» **Material provided**:

►

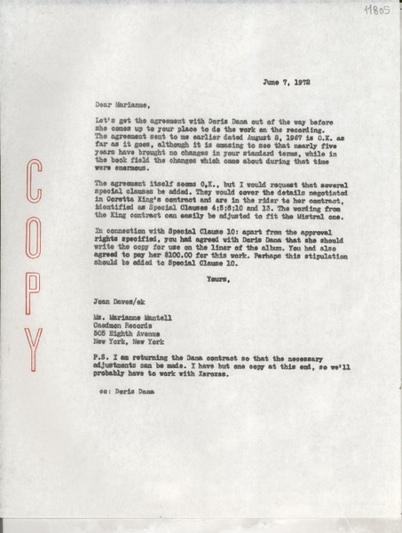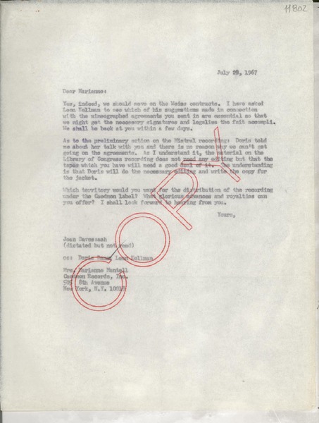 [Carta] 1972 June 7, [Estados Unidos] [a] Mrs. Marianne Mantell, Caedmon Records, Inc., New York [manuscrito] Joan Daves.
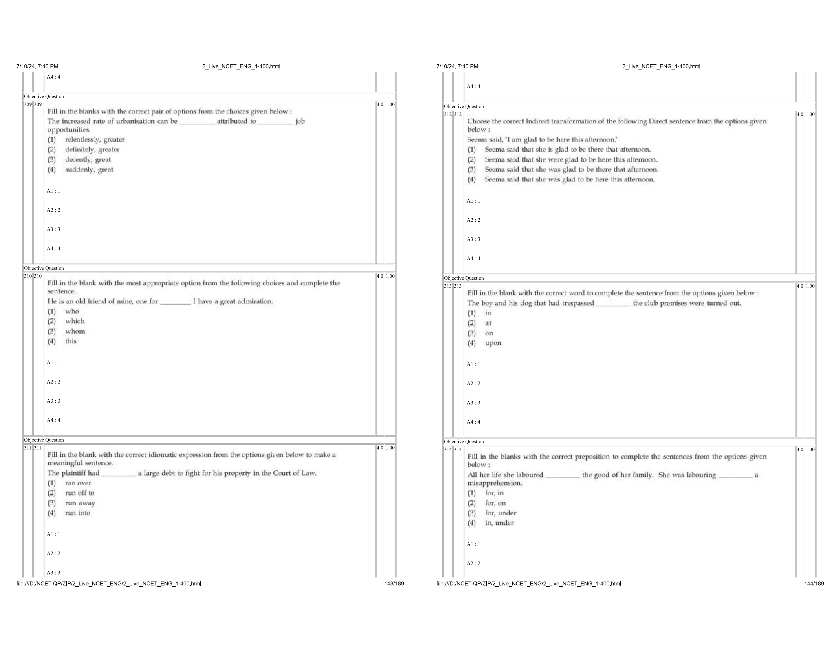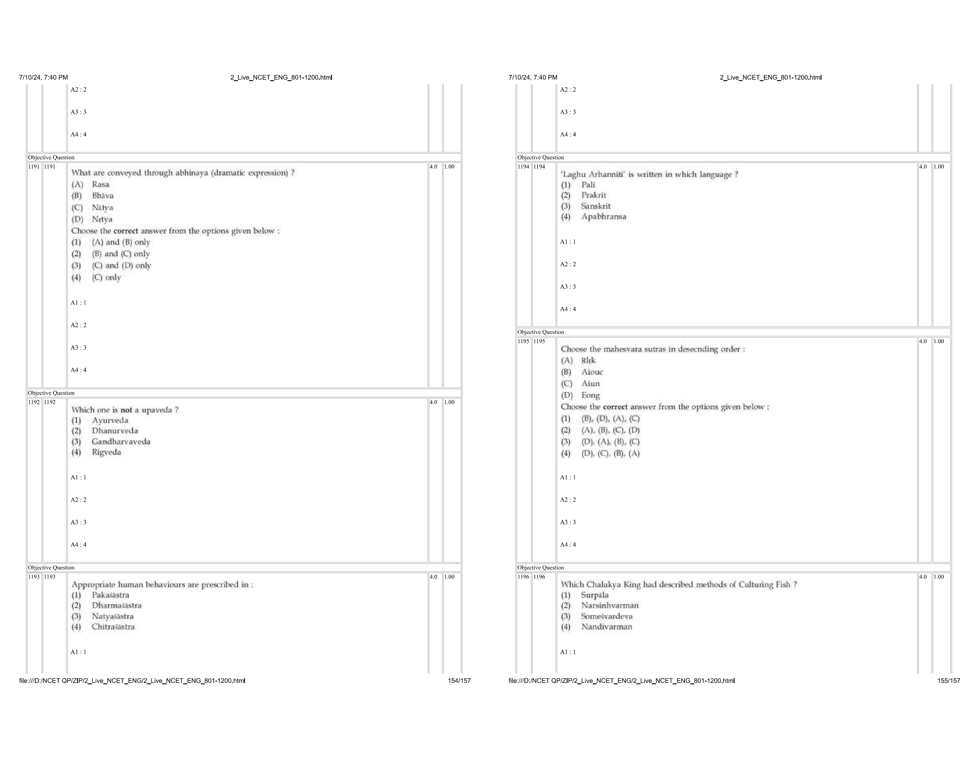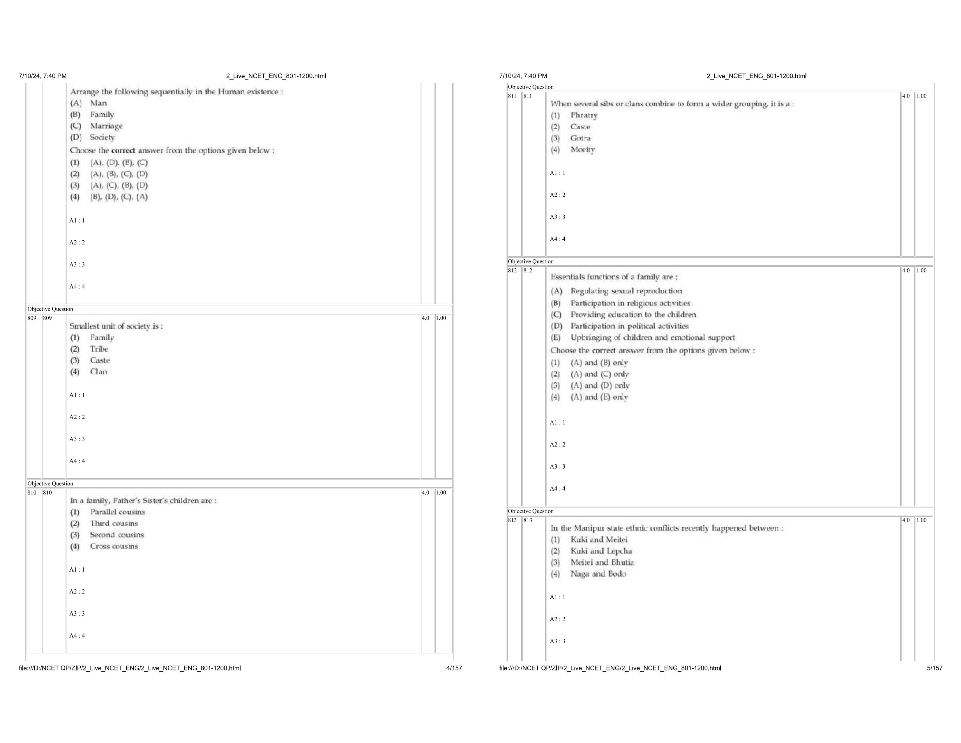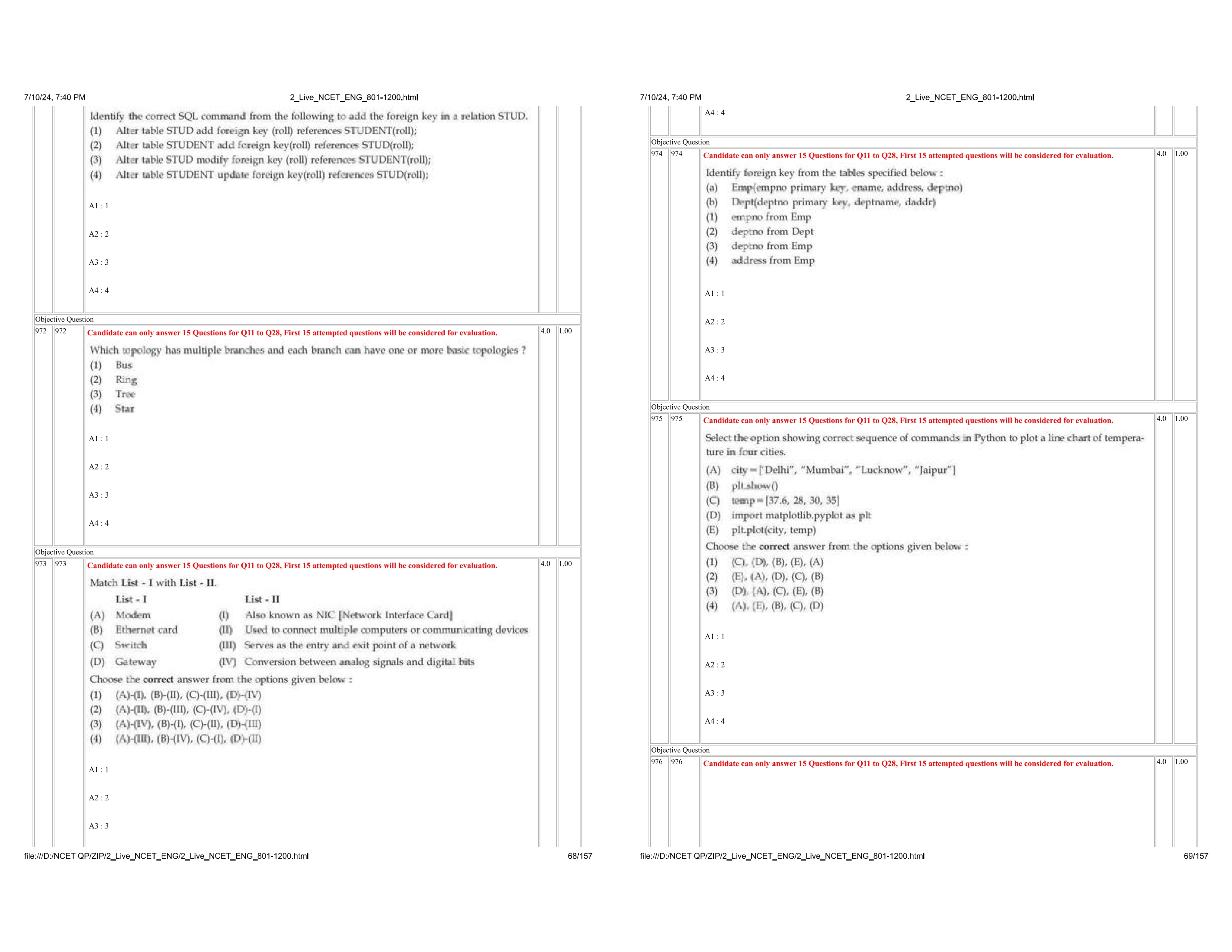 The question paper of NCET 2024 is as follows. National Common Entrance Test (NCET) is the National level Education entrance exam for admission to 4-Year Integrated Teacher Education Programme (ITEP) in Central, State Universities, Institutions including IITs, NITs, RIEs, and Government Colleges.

◄
►

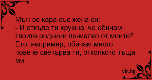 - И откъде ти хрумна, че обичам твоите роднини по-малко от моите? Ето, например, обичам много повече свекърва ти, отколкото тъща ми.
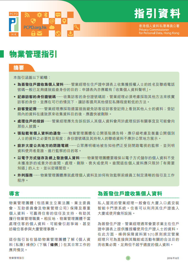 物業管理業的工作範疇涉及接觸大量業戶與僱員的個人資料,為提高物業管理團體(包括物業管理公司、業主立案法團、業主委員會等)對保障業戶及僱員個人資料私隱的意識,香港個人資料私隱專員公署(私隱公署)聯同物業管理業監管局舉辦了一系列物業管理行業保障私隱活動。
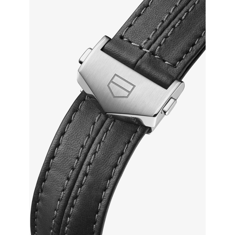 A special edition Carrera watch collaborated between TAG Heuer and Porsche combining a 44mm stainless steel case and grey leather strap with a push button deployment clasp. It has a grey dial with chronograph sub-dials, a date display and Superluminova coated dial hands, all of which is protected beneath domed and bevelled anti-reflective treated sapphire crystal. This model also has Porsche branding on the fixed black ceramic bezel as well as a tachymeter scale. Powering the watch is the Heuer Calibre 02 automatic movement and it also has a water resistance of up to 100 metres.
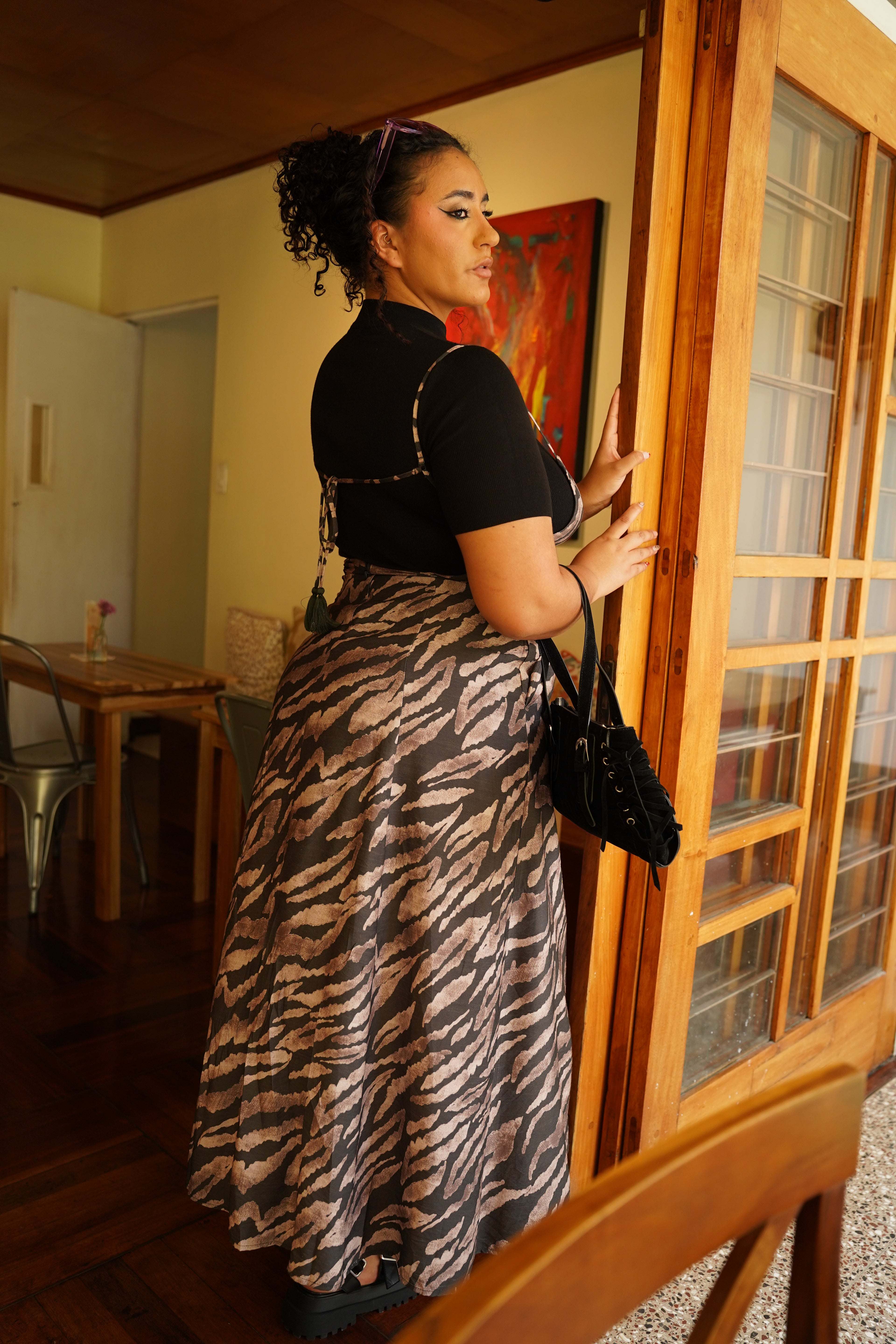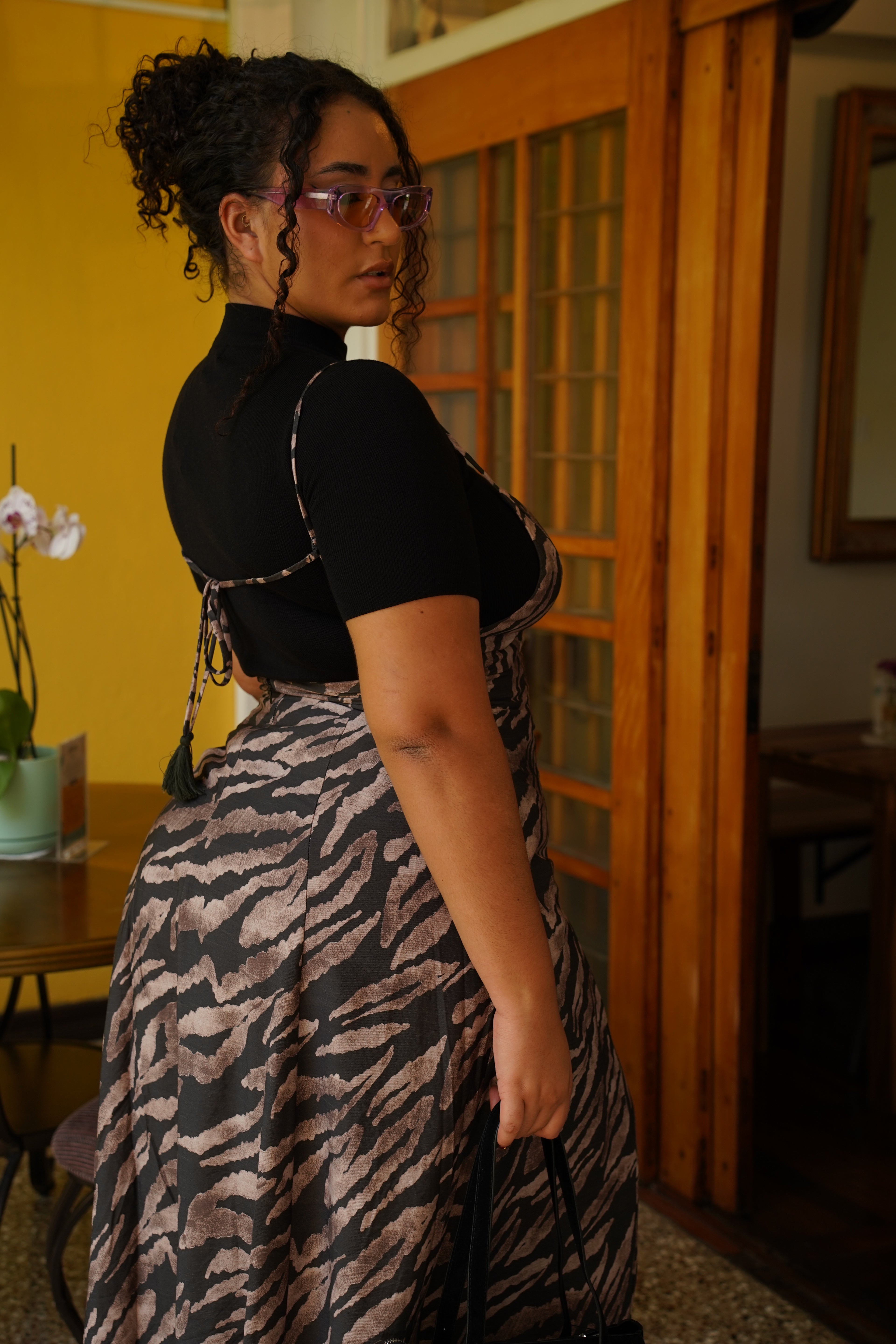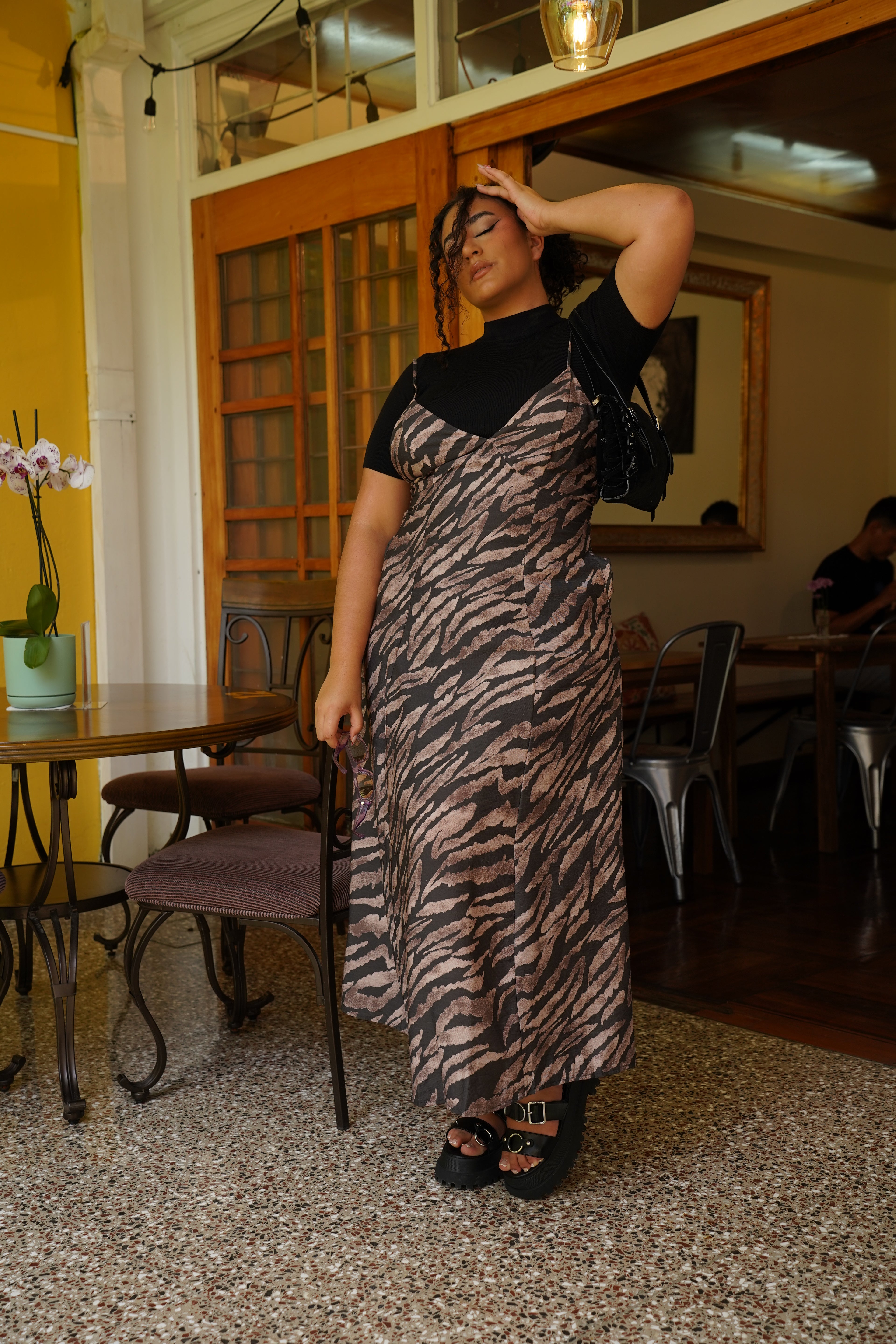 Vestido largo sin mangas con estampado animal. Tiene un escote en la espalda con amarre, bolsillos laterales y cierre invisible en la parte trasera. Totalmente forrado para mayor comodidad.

◄
►

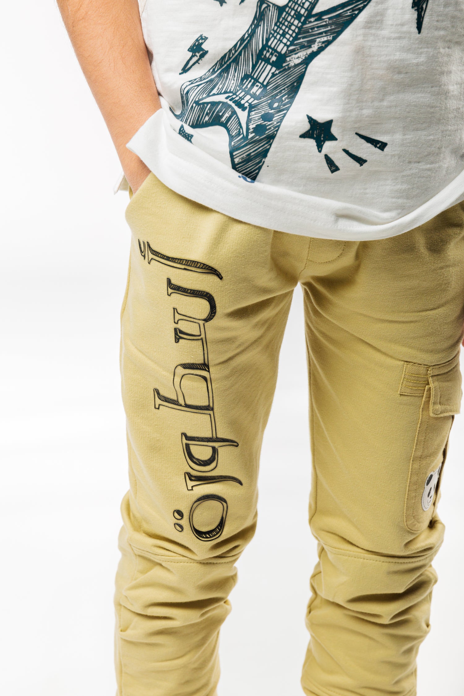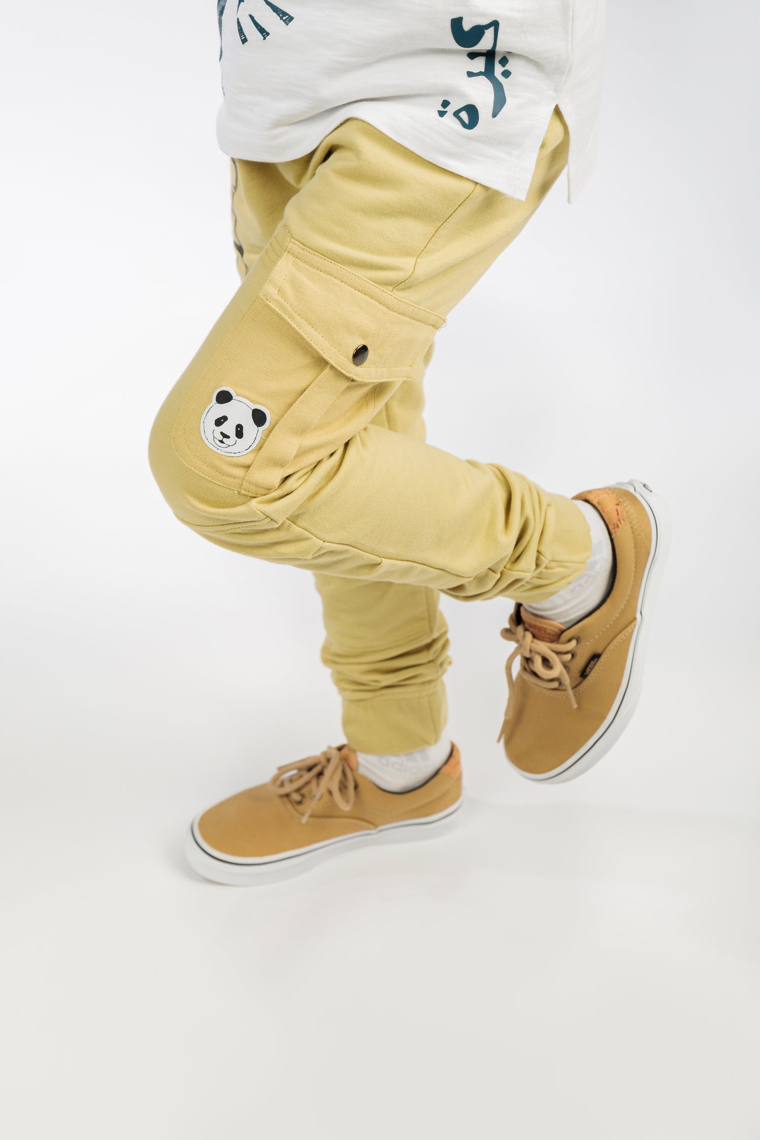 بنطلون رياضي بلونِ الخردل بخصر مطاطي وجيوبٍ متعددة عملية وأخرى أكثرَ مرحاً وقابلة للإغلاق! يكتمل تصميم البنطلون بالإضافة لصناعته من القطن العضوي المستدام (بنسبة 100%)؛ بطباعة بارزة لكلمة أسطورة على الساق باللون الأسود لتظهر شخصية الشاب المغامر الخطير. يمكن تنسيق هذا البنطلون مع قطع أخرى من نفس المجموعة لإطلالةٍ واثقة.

◄

» **Task directions**:
Give again, exactly as written above, each line from the one that has "[Carta] 1972 June" to the one that has "The question paper", both included; omit the pictures.

» **The completed task**:
 [Carta] 1972 June 7, [Estados Unidos] [a] Mrs. Marianne Mantell, Caedmon Records, Inc., New York [manuscrito] Joan Daves.
 The question paper of NCET 2024 is as follows. National Common Entrance Test (NCET) is the National level Education entrance exam for admission to 4-Year Integrated Teacher Education Programme (ITEP) in Central, State Universities, Institutions including IITs, NITs, RIEs, and Government Colleges.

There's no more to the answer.